= TASK OBJECTIVE =
Would you retype, word for word, the line with "Great room: - Spacious" and each line after it to the end of the entries below, leaving the pictures out?

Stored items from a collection
--------
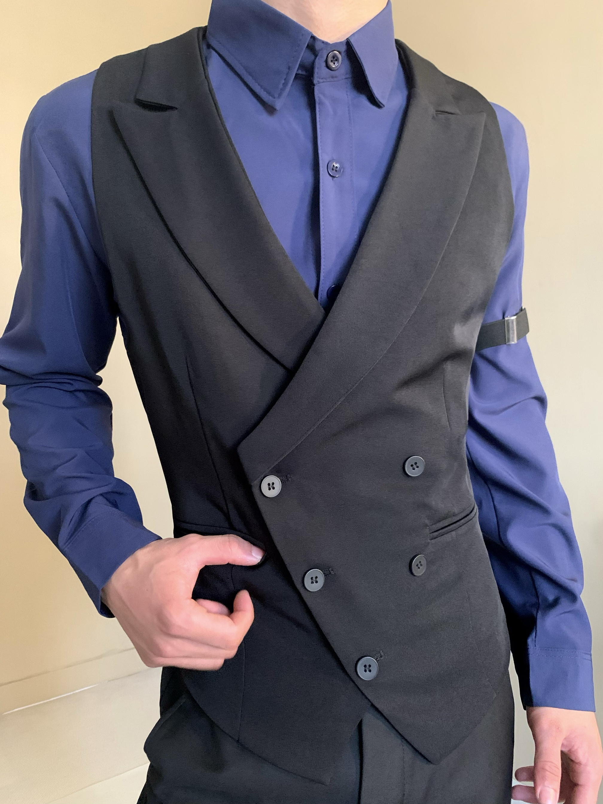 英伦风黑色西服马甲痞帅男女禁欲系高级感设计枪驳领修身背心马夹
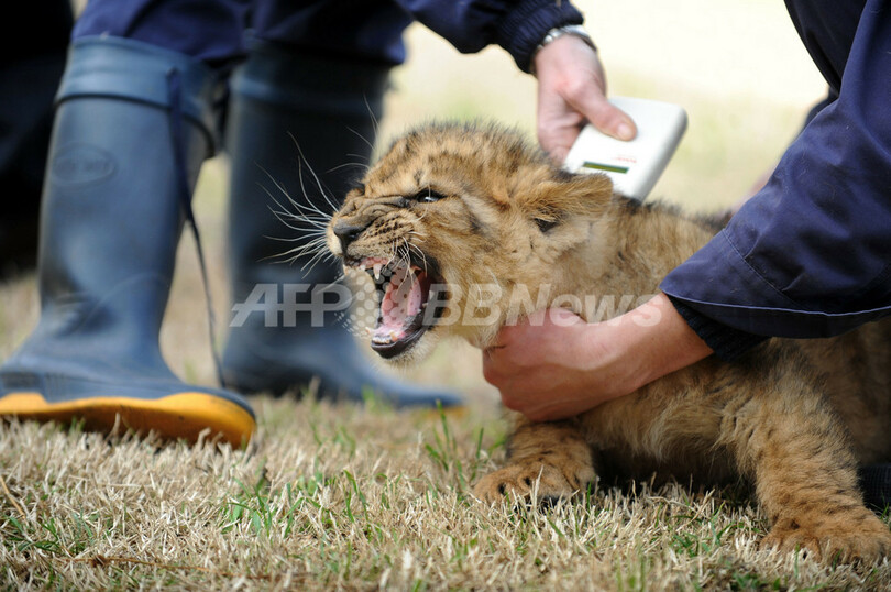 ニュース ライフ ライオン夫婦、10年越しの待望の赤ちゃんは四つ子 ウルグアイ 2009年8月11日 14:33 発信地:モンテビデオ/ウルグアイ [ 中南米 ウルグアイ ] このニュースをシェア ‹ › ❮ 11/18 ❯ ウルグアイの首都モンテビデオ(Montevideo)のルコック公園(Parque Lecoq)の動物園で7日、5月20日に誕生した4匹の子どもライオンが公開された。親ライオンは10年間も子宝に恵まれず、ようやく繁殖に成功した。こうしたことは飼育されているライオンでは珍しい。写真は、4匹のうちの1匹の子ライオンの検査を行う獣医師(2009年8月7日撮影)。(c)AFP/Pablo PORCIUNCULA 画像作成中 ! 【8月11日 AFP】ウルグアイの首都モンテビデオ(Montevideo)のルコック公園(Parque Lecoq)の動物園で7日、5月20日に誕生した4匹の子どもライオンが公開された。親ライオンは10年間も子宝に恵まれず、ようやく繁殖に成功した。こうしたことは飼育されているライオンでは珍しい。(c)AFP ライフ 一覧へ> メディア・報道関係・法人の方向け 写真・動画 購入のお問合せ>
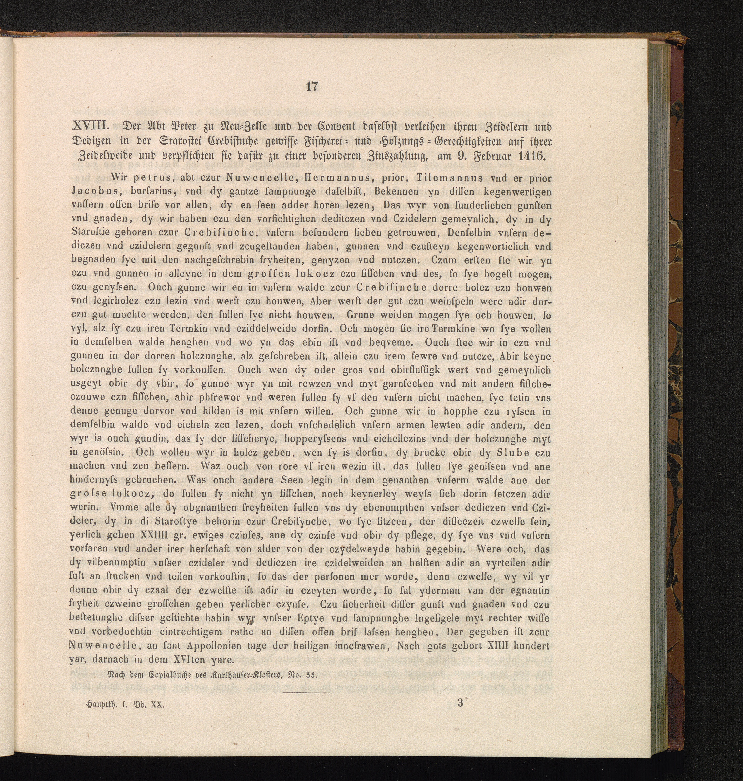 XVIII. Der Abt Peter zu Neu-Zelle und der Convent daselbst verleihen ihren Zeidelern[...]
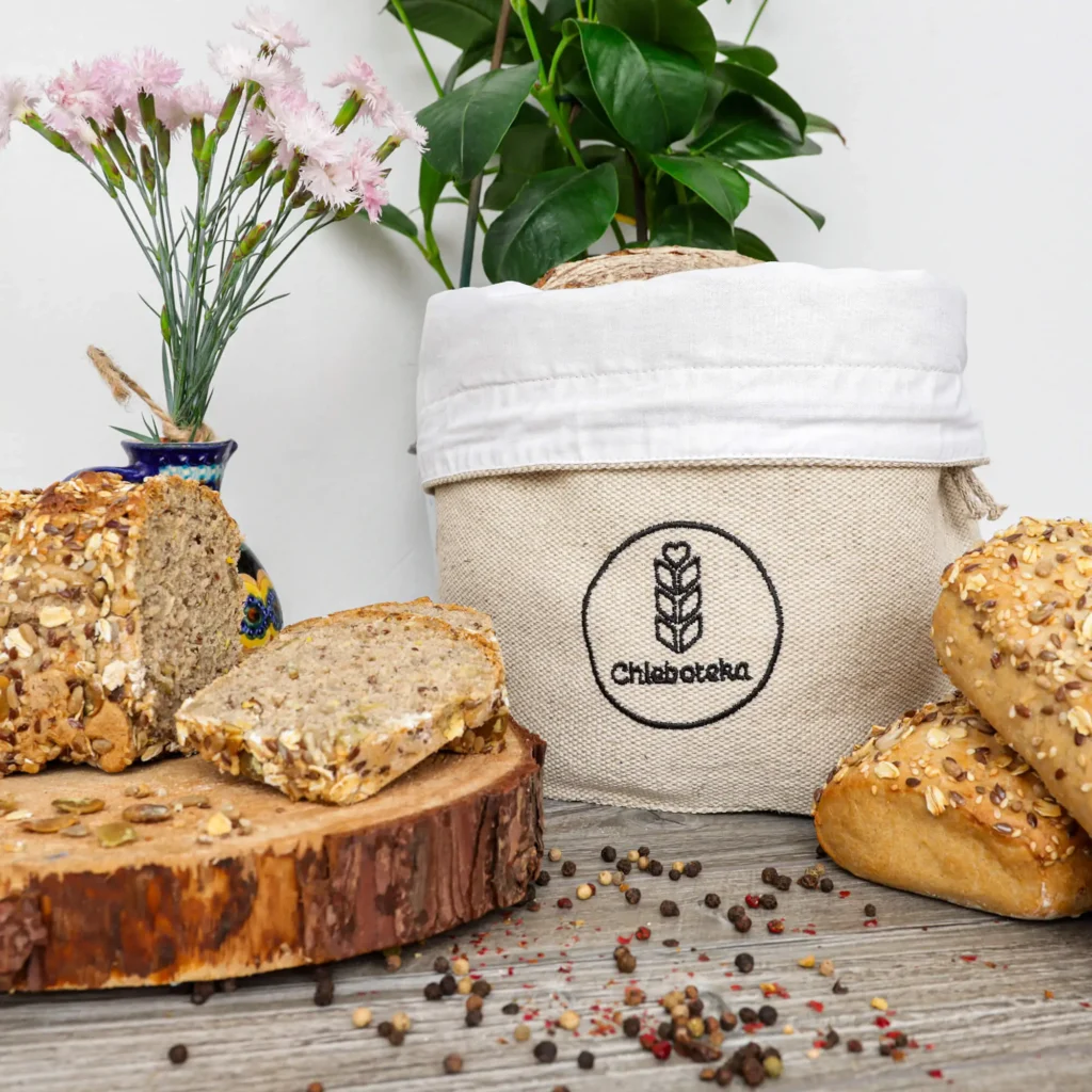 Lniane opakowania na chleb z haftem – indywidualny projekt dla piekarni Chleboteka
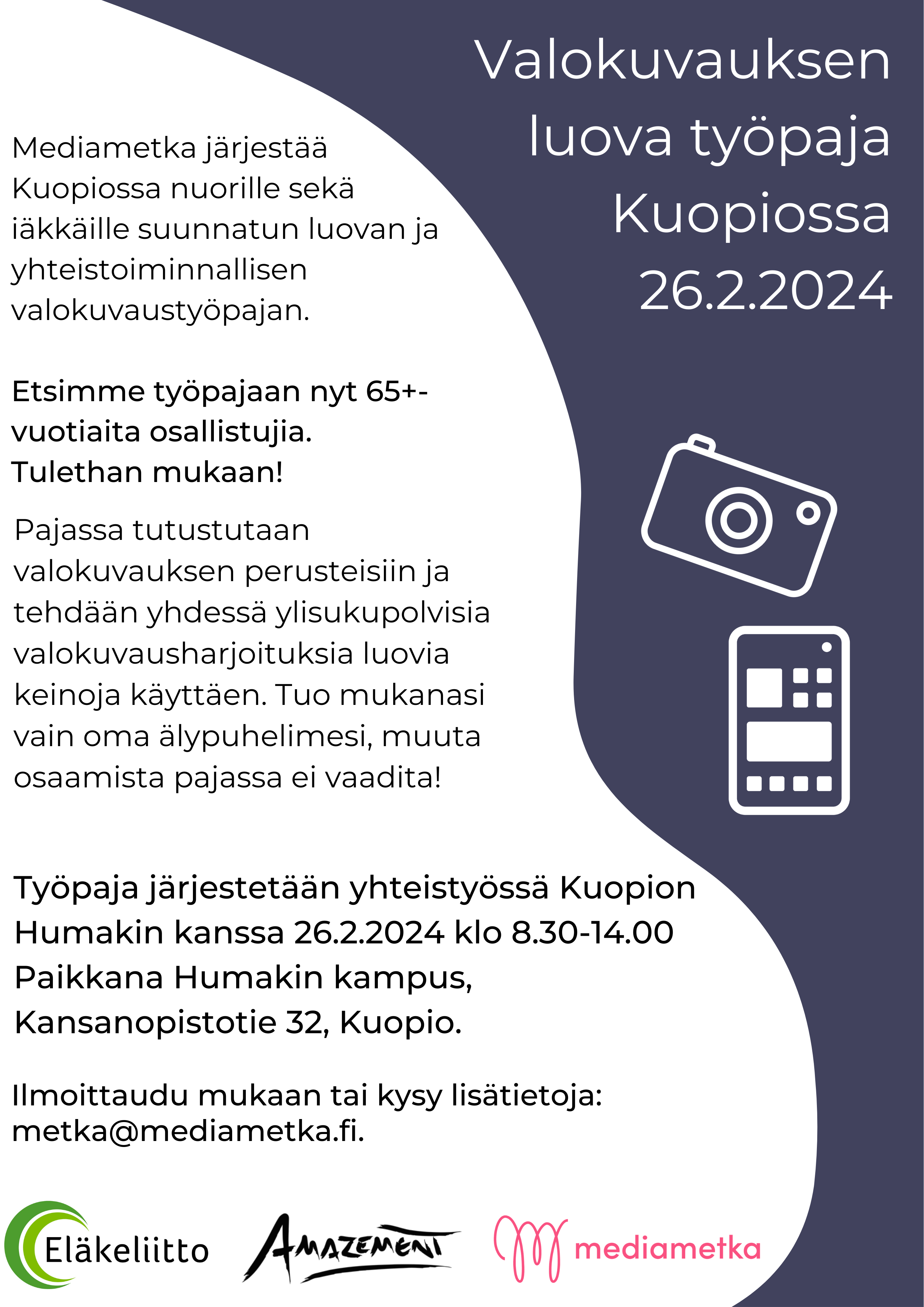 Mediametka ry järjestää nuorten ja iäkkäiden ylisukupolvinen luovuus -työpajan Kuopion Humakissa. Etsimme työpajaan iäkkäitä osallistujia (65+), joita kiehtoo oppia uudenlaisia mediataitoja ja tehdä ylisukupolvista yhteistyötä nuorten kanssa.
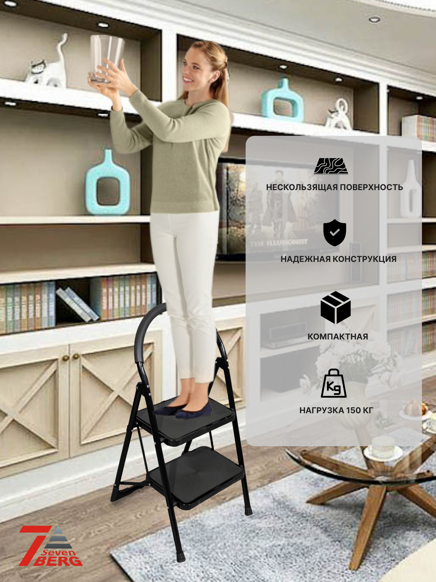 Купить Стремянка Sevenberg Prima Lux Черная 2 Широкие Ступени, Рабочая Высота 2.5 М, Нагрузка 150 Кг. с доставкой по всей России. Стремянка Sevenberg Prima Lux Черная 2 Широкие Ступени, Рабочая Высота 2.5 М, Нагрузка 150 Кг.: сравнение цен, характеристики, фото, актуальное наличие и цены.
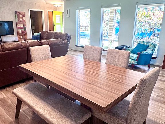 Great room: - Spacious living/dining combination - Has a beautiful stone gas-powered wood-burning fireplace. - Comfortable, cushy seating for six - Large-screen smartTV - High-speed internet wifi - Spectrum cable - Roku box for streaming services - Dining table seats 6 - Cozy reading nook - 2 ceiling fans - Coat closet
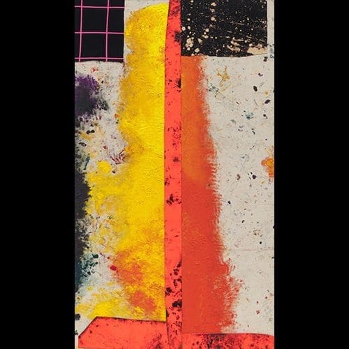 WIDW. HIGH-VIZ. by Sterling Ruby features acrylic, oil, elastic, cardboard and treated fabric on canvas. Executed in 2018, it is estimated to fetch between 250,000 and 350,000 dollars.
--------
= RESULT FOR THIS EXERCISE =
 Great room: - Spacious living/dining combination - Has a beautiful stone gas-powered wood-burning fireplace. - Comfortable, cushy seating for six - Large-screen smartTV - High-speed internet wifi - Spectrum cable - Roku box for streaming services - Dining table seats 6 - Cozy reading nook - 2 ceiling fans - Coat closet
 WIDW. HIGH-VIZ. by Sterling Ruby features acrylic, oil, elastic, cardboard and treated fabric on canvas. Executed in 2018, it is estimated to fetch between 250,000 and 350,000 dollars.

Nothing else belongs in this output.